■ Dataset entries ■
--- START ---

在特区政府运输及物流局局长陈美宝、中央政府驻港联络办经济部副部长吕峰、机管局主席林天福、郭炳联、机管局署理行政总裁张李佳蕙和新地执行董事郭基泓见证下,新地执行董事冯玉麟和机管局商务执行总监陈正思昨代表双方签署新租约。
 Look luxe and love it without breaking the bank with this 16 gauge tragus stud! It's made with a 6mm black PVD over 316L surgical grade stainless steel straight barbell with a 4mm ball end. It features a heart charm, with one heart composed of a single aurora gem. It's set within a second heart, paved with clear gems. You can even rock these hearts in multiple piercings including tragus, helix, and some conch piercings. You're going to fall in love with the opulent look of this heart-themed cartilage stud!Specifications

--- END ---
--- START ---

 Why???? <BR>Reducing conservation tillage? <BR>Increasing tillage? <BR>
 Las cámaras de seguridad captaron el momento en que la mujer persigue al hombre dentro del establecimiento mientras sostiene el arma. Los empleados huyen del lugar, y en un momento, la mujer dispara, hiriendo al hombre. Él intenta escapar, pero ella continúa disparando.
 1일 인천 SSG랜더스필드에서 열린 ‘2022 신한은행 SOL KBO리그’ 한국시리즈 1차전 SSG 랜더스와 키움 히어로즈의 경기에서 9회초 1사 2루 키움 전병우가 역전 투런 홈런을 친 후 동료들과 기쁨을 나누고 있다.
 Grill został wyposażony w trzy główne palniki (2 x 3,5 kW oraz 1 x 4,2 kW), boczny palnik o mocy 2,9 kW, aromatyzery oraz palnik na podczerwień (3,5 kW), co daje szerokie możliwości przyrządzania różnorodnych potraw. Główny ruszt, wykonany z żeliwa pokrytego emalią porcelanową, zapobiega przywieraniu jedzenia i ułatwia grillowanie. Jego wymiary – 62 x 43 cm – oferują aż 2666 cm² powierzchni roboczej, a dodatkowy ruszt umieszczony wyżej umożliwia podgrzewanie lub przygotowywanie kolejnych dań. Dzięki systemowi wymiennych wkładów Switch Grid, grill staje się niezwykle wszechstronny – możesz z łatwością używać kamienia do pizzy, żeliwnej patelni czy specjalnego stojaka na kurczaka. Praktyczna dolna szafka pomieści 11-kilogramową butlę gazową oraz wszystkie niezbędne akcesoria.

--- END ---

■ Activity ■
Please, from the material above, copy only the lines from the line with "在特区政府运输及物流局局长陈" up to and including the line with "Look luxe and", exactly as written.

■ Expected answer ■
在特区政府运输及物流局局长陈美宝、中央政府驻港联络办经济部副部长吕峰、机管局主席林天福、郭炳联、机管局署理行政总裁张李佳蕙和新地执行董事郭基泓见证下,新地执行董事冯玉麟和机管局商务执行总监陈正思昨代表双方签署新租约。
 Look luxe and love it without breaking the bank with this 16 gauge tragus stud! It's made with a 6mm black PVD over 316L surgical grade stainless steel straight barbell with a 4mm ball end. It features a heart charm, with one heart composed of a single aurora gem. It's set within a second heart, paved with clear gems. You can even rock these hearts in multiple piercings including tragus, helix, and some conch piercings. You're going to fall in love with the opulent look of this heart-themed cartilage stud!Specifications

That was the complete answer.